Encyclopedia of Trotskyism On-Line: Revolutionary History, Vol. 6 No. 2/3


Review

Stalin’s Drive to the West


Richard Raack
Stalin’s Drive to the West, 1938–1945
Stanford University Press, Stanford 1995, pp. 265, £30.00

THE REVIVAL of conservative historiography continues unabated. Professor Raack has entered the fray with a lively restatement of the ‘betrayal of the East’ argument which many of us had thought had disappeared with the hard-line anti-Communists of the ‘roll back’ school. Raack’s case can be simply presented. Stalin wanted a world Communist state. After the period of construction in the 1930s, it was time to go back onto the offensive. The pact of August 1939 with Germany allowed him a free hand to expand into Eastern Europe, the further expansion after the defeat of Germany in 1945 was the start of a Europe-wide revolution, and ‘the Third World War, to follow, would spread the Communist system around the world’ (p. 28). Stalin was given invaluable assistance during the war by willing dupes in Western political parties, government institutions and the media, and by statesmen who were either naive and venal, like Roosevelt, or too concerned with fighting Germany, like Churchill.

Raack continually rails against those who see Stalin’s international moves as principally defensive. In a sense, he is correct, but really it’s neither here nor there. It is obvious that Stalin was trying to improve the position of the Soviet Union, and this meant taking advantage of where (as Raack concedes) the West was weak. What is important is Raack’s concept of Stalin as a world revolutionary, and inherently expansionist.

If Stalin were so bent on revolution and on imposing his rule right across Europe after the Second World War, why did he not mobilise his multi-million ‘army’ in the official Communist movement? Raack says: ‘Stalin had apparently relied on the local Communist parties in France and Italy as effective fifth columns, prepared to deliver those nations over to a Soviet-united Europe, “like ripe fruit”, when the proper time arrived.’ (p. 233) This is nonsense. The French and Italian Communist Parties had mass support and hundreds of thousands of armed men and women under their direct command or influence. A ‘revolution in the rear’ as the Hitler regime started to collapse would have caused havoc. And yet the Stalinists in France and Italy preferred to rebuild the capitalist state and power structures, rather than attempt to seize power. The ‘proper time’ had come and gone by mid-1947, when the official Communist movement finally adopted a militant pose.

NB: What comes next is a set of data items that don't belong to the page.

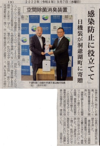 産業用特殊ポンプ、人工透析機器では、国内トップシェアの日機装(6376証券コード)様から、地域貢献活動の一環で、空間除菌消臭装置・エアロピュアを、なんと100台寄贈して頂きました。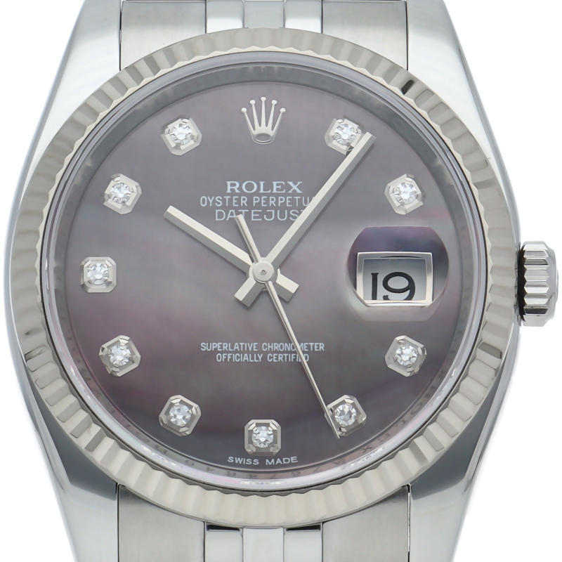 デイトジャスト36 メンズ時計 10Pダイヤ ブラックシェル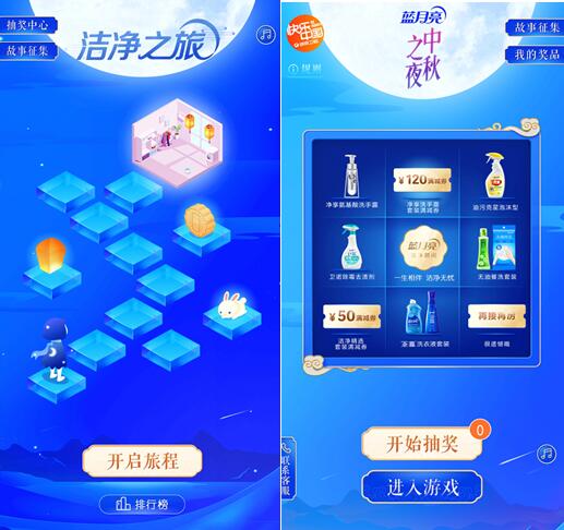 今年,蓝月亮将继续携手湖南卫视,为广大消费者带来独具特色的中秋祝福。目前蓝月亮已推出了“一生相伴 洁净无忧”中秋预热互动H5,消费者只要参与互动,就有机会免费领取净享洗手露、天露洗洁精、卫诺除霉等多款新品,率先成为蓝月亮的新品体验官。此外,蓝月亮今年还特别在互动中增添了洁净之旅小游戏,让大家在趣味游戏中学习洗涤知识,解决日常洗涤难题。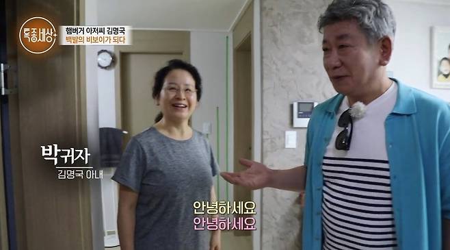 이날 김명국은 아내 박귀자 씨를 소개하며 "우리 집주인, 집사람, 애들 엄마"라고 말했다.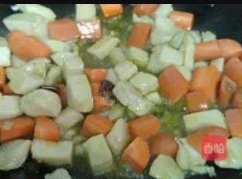 8. Stir fry diced carrots over high heat until they are completely cooked,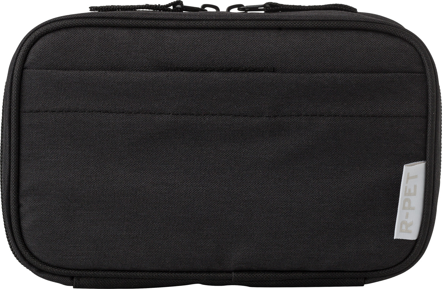 Reisetasche aus rPET 300D Polyester. Ein Fach mit mehreren Taschen für Kabel und Reisedokumente. Mit Klettverschluss-Fronttasche. Inklusive rPET-Etikett.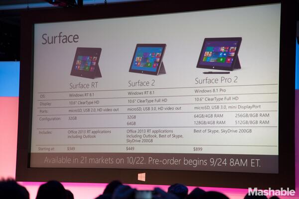 Microsoft Surface 2 and Surface Pro 2 available on 10/22. More in our live blog: http://on.mash.to/1fbHKhf pic.twitter.com/wqzg19DHwm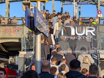 Visitors leave the Oktoberfest 2025 and wait for trains at Hackerbruecke Station in Munich, Bavaria, Germany, on September 26, 2025. The station is one of the busiest access points during the festival, with large crowds boarding S-Bahn trains.

Raack talks about Stalin’s plans for Asia, but does not mention that he was deeply suspicious of Mao’s plans to seize power, and only reluctantly and belatedly backed Kim’s demands to invade the south of Korea. Raack does not mention that Stalin withdrew from Austria and northern Iran, and he quotes from Djilas’ Conversations with Stalin, but not the bit where Stalin tells the Yugoslavs to abandon the Greek Communists to their fate. As for Finland, he says that Stalin was worried about how the USA would respond to its annexation, so he did not invade it; a feeble explanation if ever I heard one. By and large, it cannot be denied that Stalin and his successors generally kept to the terms of the Yalta agreement.

The problem always facing the ‘roll back’ proponents is that the post-1945 international settlement worked very well for the USA, which is why so many of them came to accept it once they assumed positions of responsibility. The bipolar world enabled the USA to gain almost complete hegemony over its half. The division of Germany ensured that its potential full strength and thus disruptive capabilities could not be realised, and Europe experienced its most stable period in modern times. The existence of a repressive state masquerading under the guise of Socialism did much to discredit the idea of fundamental social change. It is hardly surprising that there is considerable disquiet within US ruling circles now that the bipolar world has gone into history.

Like so many of the conservatives’ recent efforts, this book, with its intemperate style and omission of crucial facts, harks back to the kind of works that were the norm at the height of the Cold War in the late 1940s and early 1950s. Yes, the conservatives are mounting a clamorous counter-attack upon the historians and analysts who have done much to demystify the rôle of the Soviet Union on the international stage, but they are fighting a rearguard battle, and objective observers have little to fear from them.